From 1953 he was the head of the medieval history department of the newly established Institute of History of the Polish Academy of Sciences and from 1956 an ordinary academic member of the PAN. In the years 1951-1956 / 1957 he was the head of historical departments at the AMU in Poznań, and in the years 1956 / 1957-1968 he was the director of the Institute of History at AMU. He was also a member of number of scientific societies, including Society of Friends of Science in Wilno (1935), Shevchenko Scientific Society (1936), Poznań Society of Friends of Learning (1945) among others.

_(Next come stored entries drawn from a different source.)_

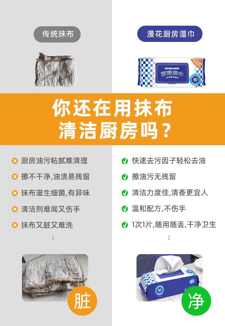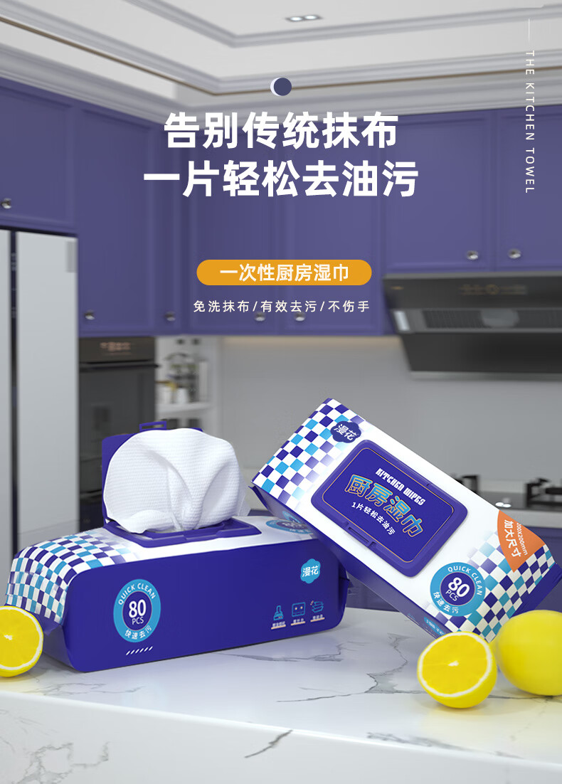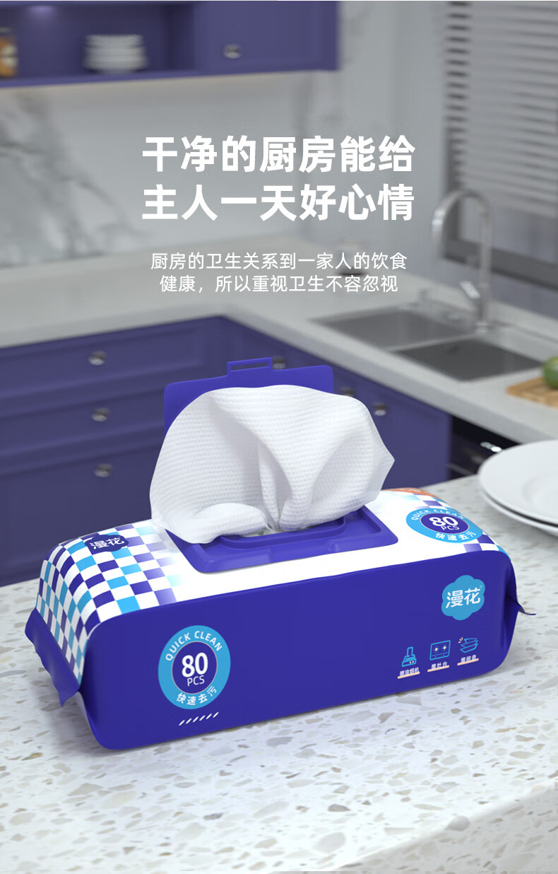 25cm long, Manhua kitchen wipes 80 puffs, large and thickened, oil stain removal and range hood wipes, 1 layer, 80 puffs*5 pack, kitchen wipes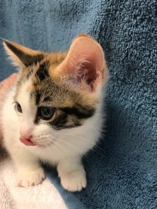 Chips, her 2 sisters and brother were brought to us by a member of the public who found them alone outside their house. They were all scared at first but are now very sweet and loving!! They are currently 5 weeks so will be available for viewing and adoption from the 20/11/17. Chips is a tortie and white female.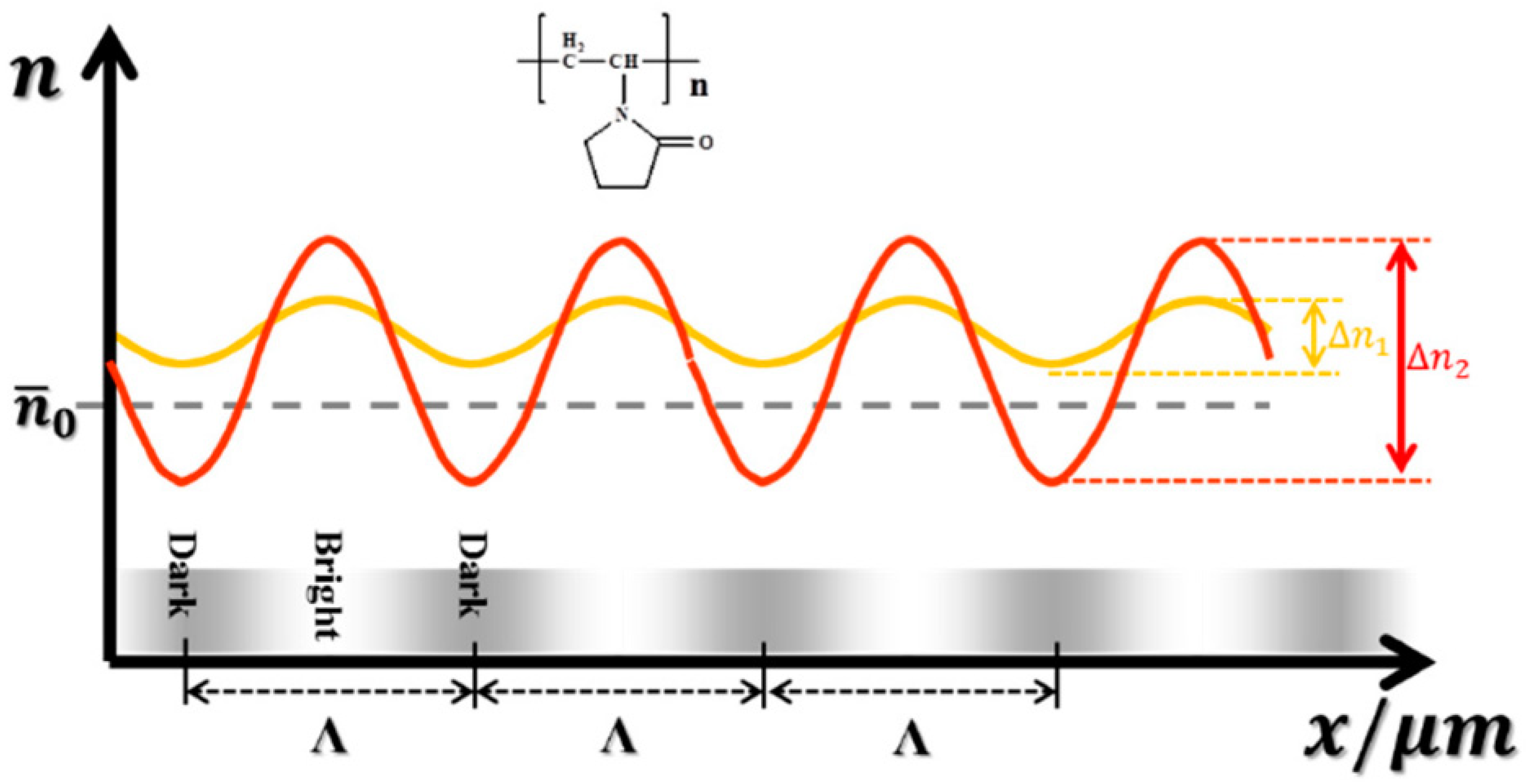 - Pi, H.; Li, W.; Shi, Z.; Chen, H.; Jiang, X. Effect of Glycerol on an N-Vinylpyrrolidone-Based Photopolymer for Transmission Holography. Polymers 2021, 13, 1754. [Google Scholar] [CrossRef]

Besides major books, his bibliography includes around 300 items, and the first volume of his selected works about Lithuanian and Belarusian history Studia nad dziejami Wielkiego Księstwa Litewskieg was published in 1983. According to Maciej Siekierski, the "continuing timeliness and scholarly value of these works are a tribute to the great historian". According to Stanisław Alexandrowicz, Łowmiański had a universal authority already during his lifetime, being considered as an expert on historical sources, the history of Lithuania, Slavic and Baltic people in the Middle Ages, economic and social relations of medieval Poland, and statehood formation in Central and Eastern Europe. During the mourning ceremony by the academic community, reputable historian Gerard Labuda assessed his role in the Polish historiography as equal to Jan Długosz and Joachim Lelewel.

Personal life
His wife was Maria Łowmiańska (1899-1961), Polish philologist with historical interests, also graduate from USB.

Awards
He was awarded the Officer's Cross of the Order of Polonia Restituta (1951), the Order of the Banner of Work, 2nd class (1954), and on the occasion of the 20th anniversary of the People's Republic of Poland, he received the first-degree state award. In 1974, he was awarded the Order of the Builders of People's Poland.

Important works
 "Wschody" miast litewskich w 16 wieku (1923–1924)
 Studia nad początkami społeczeństwa i państwa litewskiego (2 vol., 1931–32)
 Uwagi w sprawie podłoża społec-znego i gospodarczego Unii Jagiellońskiej (1934)
 Prusy pogańskie (1935) [English edition: The Ancient Prussians (1936)]
 'Wcielenie Litwy do Polski w 1386 r. (1937)
 Podstawy gospodarczego formowania się państw słowiańskich (1953)
 Zagadnienia roli Normanów w genezie państw słowiańskich (1957)
 Geneza państwa ruskiego jako wynik procesu wewnętrznego (1962)
 Początki Polski (6 vol., 1963–1985)
 Studia nad dziejami Wielkiego Księstwa Litewskiego (1983)
 Studia nad dziejami Słowiańszczyzny, Polski i Rusi w wiekach średnich (1986)
 Religia Słowian i jej upadek (w. VI-XII) (1979)
 Polityka Jagiellonów (1999)

References

 Gerard Labuda, "Wspomnienie pośmiertne. Dzieło życiowe Henryka Łowmiańskiego," Roczniki Historyczne 52 (1986): 245-248.

1898 births
1984 deaths
People from Ukmergė District Municipality
People from Vilkomirsky Uyezd
Historians of Lithuania
20th-century Polish historians
Polish male non-fiction writers
Vilnius University alumni
Academic staff of Vilnius University
Members of the Polish Academy of Learning
Researchers of Slavic religion
Recipients of the State Award Badge (Poland)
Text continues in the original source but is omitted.